> **Assignment**: Word for word, retype the records below.
== Material for this task
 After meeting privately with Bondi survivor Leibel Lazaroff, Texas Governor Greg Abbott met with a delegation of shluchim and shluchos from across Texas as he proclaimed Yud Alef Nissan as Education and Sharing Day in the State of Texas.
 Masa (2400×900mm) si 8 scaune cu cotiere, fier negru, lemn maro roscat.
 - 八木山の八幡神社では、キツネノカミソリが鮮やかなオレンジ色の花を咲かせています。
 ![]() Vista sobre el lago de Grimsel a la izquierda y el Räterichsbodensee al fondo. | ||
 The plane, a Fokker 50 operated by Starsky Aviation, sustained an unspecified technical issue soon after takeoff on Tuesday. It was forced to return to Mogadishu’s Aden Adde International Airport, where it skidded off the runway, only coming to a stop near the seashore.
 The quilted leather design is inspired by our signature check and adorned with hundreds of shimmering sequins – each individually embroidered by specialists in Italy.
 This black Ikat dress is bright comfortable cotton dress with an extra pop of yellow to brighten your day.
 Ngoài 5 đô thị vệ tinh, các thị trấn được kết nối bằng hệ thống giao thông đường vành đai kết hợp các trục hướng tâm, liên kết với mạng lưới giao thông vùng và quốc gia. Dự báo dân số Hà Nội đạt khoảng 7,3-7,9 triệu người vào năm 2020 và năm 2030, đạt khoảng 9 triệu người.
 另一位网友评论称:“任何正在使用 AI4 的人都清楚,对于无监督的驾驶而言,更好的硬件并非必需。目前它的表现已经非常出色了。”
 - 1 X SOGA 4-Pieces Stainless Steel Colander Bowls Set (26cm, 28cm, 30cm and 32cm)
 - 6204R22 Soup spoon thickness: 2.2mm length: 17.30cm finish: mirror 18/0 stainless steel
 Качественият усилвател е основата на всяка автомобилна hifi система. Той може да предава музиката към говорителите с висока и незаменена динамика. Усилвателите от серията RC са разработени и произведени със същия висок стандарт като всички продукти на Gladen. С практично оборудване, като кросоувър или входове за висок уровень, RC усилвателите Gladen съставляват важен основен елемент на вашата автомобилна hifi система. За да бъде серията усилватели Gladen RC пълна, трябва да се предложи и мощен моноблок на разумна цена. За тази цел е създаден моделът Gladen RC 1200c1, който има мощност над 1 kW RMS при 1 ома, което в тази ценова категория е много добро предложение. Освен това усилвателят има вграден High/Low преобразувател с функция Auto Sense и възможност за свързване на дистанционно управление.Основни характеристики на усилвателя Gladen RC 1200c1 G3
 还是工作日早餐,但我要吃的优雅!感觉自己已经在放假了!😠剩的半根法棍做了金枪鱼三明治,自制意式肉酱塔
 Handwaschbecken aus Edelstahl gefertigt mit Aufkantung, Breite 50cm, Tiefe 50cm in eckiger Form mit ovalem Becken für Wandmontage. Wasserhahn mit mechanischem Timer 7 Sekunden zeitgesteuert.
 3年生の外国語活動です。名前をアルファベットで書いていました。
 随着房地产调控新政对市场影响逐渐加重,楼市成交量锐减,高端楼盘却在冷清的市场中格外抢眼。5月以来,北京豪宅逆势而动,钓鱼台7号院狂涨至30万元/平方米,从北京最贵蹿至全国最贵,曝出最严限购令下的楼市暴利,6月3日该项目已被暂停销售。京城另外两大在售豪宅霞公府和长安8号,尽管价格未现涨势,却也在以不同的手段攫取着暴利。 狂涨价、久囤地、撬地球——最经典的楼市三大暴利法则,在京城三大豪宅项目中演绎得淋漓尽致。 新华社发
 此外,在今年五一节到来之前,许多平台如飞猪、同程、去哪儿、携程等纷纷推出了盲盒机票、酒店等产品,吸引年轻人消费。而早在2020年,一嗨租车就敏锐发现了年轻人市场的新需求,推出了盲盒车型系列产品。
====
> **Your solution**:
 After meeting privately with Bondi survivor Leibel Lazaroff, Texas Governor Greg Abbott met with a delegation of shluchim and shluchos from across Texas as he proclaimed Yud Alef Nissan as Education and Sharing Day in the State of Texas.
 Masa (2400×900mm) si 8 scaune cu cotiere, fier negru, lemn maro roscat.
 - 八木山の八幡神社では、キツネノカミソリが鮮やかなオレンジ色の花を咲かせています。
 ![]() Vista sobre el lago de Grimsel a la izquierda y el Räterichsbodensee al fondo. | ||
 The plane, a Fokker 50 operated by Starsky Aviation, sustained an unspecified technical issue soon after takeoff on Tuesday. It was forced to return to Mogadishu’s Aden Adde International Airport, where it skidded off the runway, only coming to a stop near the seashore.
 The quilted leather design is inspired by our signature check and adorned with hundreds of shimmering sequins – each individually embroidered by specialists in Italy.
 This black Ikat dress is bright comfortable cotton dress with an extra pop of yellow to brighten your day.
 Ngoài 5 đô thị vệ tinh, các thị trấn được kết nối bằng hệ thống giao thông đường vành đai kết hợp các trục hướng tâm, liên kết với mạng lưới giao thông vùng và quốc gia. Dự báo dân số Hà Nội đạt khoảng 7,3-7,9 triệu người vào năm 2020 và năm 2030, đạt khoảng 9 triệu người.
 另一位网友评论称:“任何正在使用 AI4 的人都清楚,对于无监督的驾驶而言,更好的硬件并非必需。目前它的表现已经非常出色了。”
 - 1 X SOGA 4-Pieces Stainless Steel Colander Bowls Set (26cm, 28cm, 30cm and 32cm)
 - 6204R22 Soup spoon thickness: 2.2mm length: 17.30cm finish: mirror 18/0 stainless steel
 Качественият усилвател е основата на всяка автомобилна hifi система. Той може да предава музиката към говорителите с висока и незаменена динамика. Усилвателите от серията RC са разработени и произведени със същия висок стандарт като всички продукти на Gladen. С практично оборудване, като кросоувър или входове за висок уровень, RC усилвателите Gladen съставляват важен основен елемент на вашата автомобилна hifi система. За да бъде серията усилватели Gladen RC пълна, трябва да се предложи и мощен моноблок на разумна цена. За тази цел е създаден моделът Gladen RC 1200c1, който има мощност над 1 kW RMS при 1 ома, което в тази ценова категория е много добро предложение. Освен това усилвателят има вграден High/Low преобразувател с функция Auto Sense и възможност за свързване на дистанционно управление.Основни характеристики на усилвателя Gladen RC 1200c1 G3
 还是工作日早餐,但我要吃的优雅!感觉自己已经在放假了!😠剩的半根法棍做了金枪鱼三明治,自制意式肉酱塔
 Handwaschbecken aus Edelstahl gefertigt mit Aufkantung, Breite 50cm, Tiefe 50cm in eckiger Form mit ovalem Becken für Wandmontage. Wasserhahn mit mechanischem Timer 7 Sekunden zeitgesteuert.
 3年生の外国語活動です。名前をアルファベットで書いていました。
 随着房地产调控新政对市场影响逐渐加重,楼市成交量锐减,高端楼盘却在冷清的市场中格外抢眼。5月以来,北京豪宅逆势而动,钓鱼台7号院狂涨至30万元/平方米,从北京最贵蹿至全国最贵,曝出最严限购令下的楼市暴利,6月3日该项目已被暂停销售。京城另外两大在售豪宅霞公府和长安8号,尽管价格未现涨势,却也在以不同的手段攫取着暴利。 狂涨价、久囤地、撬地球——最经典的楼市三大暴利法则,在京城三大豪宅项目中演绎得淋漓尽致。 新华社发
 此外,在今年五一节到来之前,许多平台如飞猪、同程、去哪儿、携程等纷纷推出了盲盒机票、酒店等产品,吸引年轻人消费。而早在2020年,一嗨租车就敏锐发现了年轻人市场的新需求,推出了盲盒车型系列产品。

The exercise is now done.